Но что характерно – Марта-Екатерина громогласно была объявлена немкой, до сих пор в ее немецкое происхождение искренне верит немало людей. Ведь пропаганда веками «работала» именно на эту идею, что женился Петр именно на немке.
Известно, что Петр обожал Петербург, называл его «парадизом», то есть раем, и был к нему совершенно некритичен. Пленный швед Ларс Юхан Эренмальм передает, что «царь так привязался всем сердцем и чувствами к Петербургу, что добровольно и без сильного принуждения вряд ли сможет с ним расстаться». Далее Эренмальм передает, что царь не раз и не два говорил, целуя крест, что он легче расстанется с половиной своего царства, чем с одним Петербургом [75]75
Синдаловский Н.А. Санкт-Петербург: история в преданиях и легендах. СПб.: Норинт, 2002.
[Закрыть].
При этом Петербург в воспаленном представлении Петра был как бы европейским городом, а был он даже не московитским городом, а своего рода военной ставкой царя, где население утром будили солдаты, бившие в барабан. Вечером те же солдаты приказывали тушить огни и ложиться спать.
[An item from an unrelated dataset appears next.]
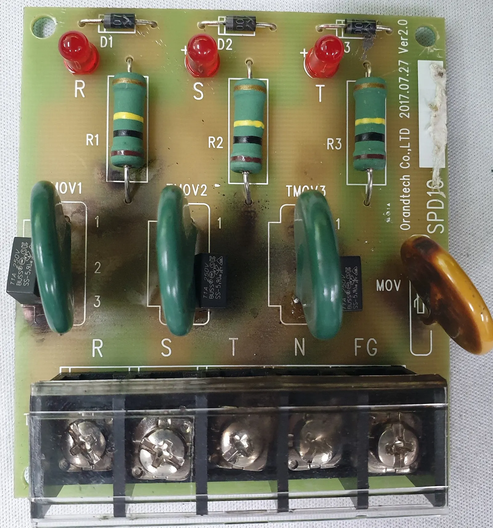 해당 보드는 입력 R, S, T 상에서 발생되는 써지를 보호하며, 입력 전원이 정상으로 들어오고 있는지 LED 를 통해 모니터링을 해주는 보드입니다.

Европейство Петербурга – такая же нелепица, как его «флот».
Мало того, что Петр уничтожил два русских флота: на Белом море и на Каспийском. Но и построенный им флот – чистой воды фикция. То есть внешне эти построенные ценой громадных усилий корабли вроде бы отличались от русских в лучшую сторону – корабли «допетровской» Руси имели «худшие» обводы, были заметно «пузатее» скоростных океанских судов Англии и Голландии. Если в них соотношение между шириной и длиной судна принято было выдерживать как 1:6, даже 1:8, то бус имел соотношение между шириной и длиной примерно как 1:4.
Второе отличие в том, что у судов Голландии было больше косых парусов и потому эти корабли могли лучше лавировать при ветрах с разной стороны и хуже «ловили» слабый ветер.
В результате голландские и английские корабли были маневреннее и быстрее, для управлением ими нужно было меньше людей [76]76
Буровский А.М. Петр Первый: проклятый император. М.: Яуза, 2009.
[Закрыть].
Но во-первых, никакой необходимости плавать по океанам в России пока нет.
Во-вторых, «пузатые» российские корабли вполне исправно служат тому, что ей нужно.
В-третьих, одномачтовые (а у буса было 3 мачты) парусники-доу арабов в XV–XVII веках освоили весь Индийский океан и плавают по нему до сих пор. Испанский же галеон, легко ходивший через Атлантику, не намного лучше снаряжен и уж, конечно, не крупнее каспийского буса.
Но московитский флот приказано было уничтожить, и его не стало. После этого на Каспийском море долгое время не было никакого флота – ни торгового, ни военного.
На рейде же Петербурга что-то гнило, над серой водой торчали борта и мачты. Считалось, что флот существует, но в 1741 году флот попросту не смог выйти из гавани навстречу шведскому флоту, а в 1742 году – не решился выйти из гавани, хотя числом вымпелов шведский флот превосходил. Ведь строили флот из сырого леса, без соблюдения требований сушки и пропитки. Это были не корабли, а такие громадные муляжи кораблей, на которых выйти даже в Финский залив, не теряя из виду берега, было просто опасно.
Только при Екатерине построили реально действующий флот, и только к началу XIX века сложились морские традиции Российской империи. Важную роль в этих традициях играли выходцы из Костромской губернии, в которую когда-то, еще при Иване III, переселяли («переводили») новгородское дворянство. Прошло три века, и потомки русских (но не московитских) мореходов дали миру Невельского, Лисянского, род Бутаковых и многих, многих других.
Другой группой морских офицеров стали в Российской империи прибалтийские немцы, «трофейные иностранцы» (Литке, Врангель, Крузенштерн, Коцебу).